Global energy systems are undergoing a crucial transition to clean energy sources, thereby moving away from fossil-fuel based energy with the ultimate aim of reducing carbon dioxide emissions. It is essential to continue to advance in exploring and developing shale gas resources as this will underpin the global supply of natural gas that is needed to support the energy transition. The challenge hereby is that the slow fluid flow of the shale matrix due to its very low permeability requires large-scale volume fracturing to produce a conductive fracture network that enhances the connectivity between the shale formation and the wellbore. This work examines the influence of a thin proppant layer on a single fracture using a flow-through experiment, and also explores whether proppant embedment in the Caney shale is affected by the rock mineralogy, surface roughness, fluids, confining stress, time, temperature and bedding. The experiment was conducted for a duration of nine days (216 h), experimental temperature was varied from ambient temperature to reservoir temperature of 125 °C (257 °F) and confining stress was varied from 367 psi (2.53MPa) to a maximum of 4011.82 psi (27.66 MPa).
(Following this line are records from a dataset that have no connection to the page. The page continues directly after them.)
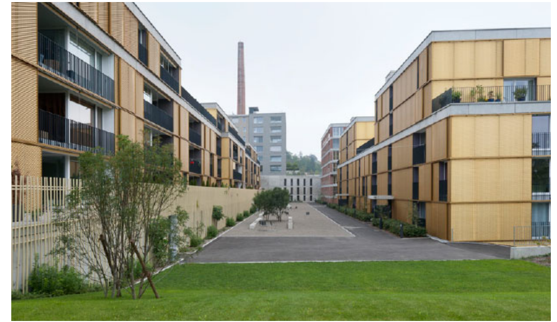
Haldengut Areal Winterthur Marcel Ferrier Architekten, St. Gallen
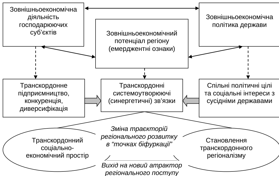
Рис. 1. Транскордонне співробітництво: передумови виникнення і роль в економічному розвитку регіонів

“Транснаціональний простір” ототожнюється з постійними потоками людей, товарів, ідей, символів, послуг через кордони [19, с. 49]. У контексті теорії транснаціональних просторів міжнародні економічні відносини (як і феномен регіонального співробітництва) сприймаються як сфера взаємодії не лише державних органів, а й різноманітних суспільних інституцій, а також агентів, які беруть участь у здійсненні транснаціональних комунікаційних зв’язків. Таким чином, сучасні регіональні й трансрегіональні взаємодії підтверджують когнітивну цінність моделі “дворівневої гри”,
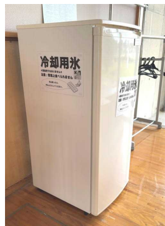
【明石会様から寄贈いただいた保冷器】

We find that the conductivity of the fracture is primarily influenced by the layer of proppant used, surface roughness, mineralogy, fluids, temperature and closure stress.

Suggested Citation

  • Katende, Allan & Rutqvist, Jonny & Massion, Cody & Radonjic, Mileva, 2023. "Experimental flow-through a single fracture with monolayer proppant at reservoir conditions: A case study on Caney Shale, Southwest Oklahoma, USA," Energy, Elsevier, vol. 273(C).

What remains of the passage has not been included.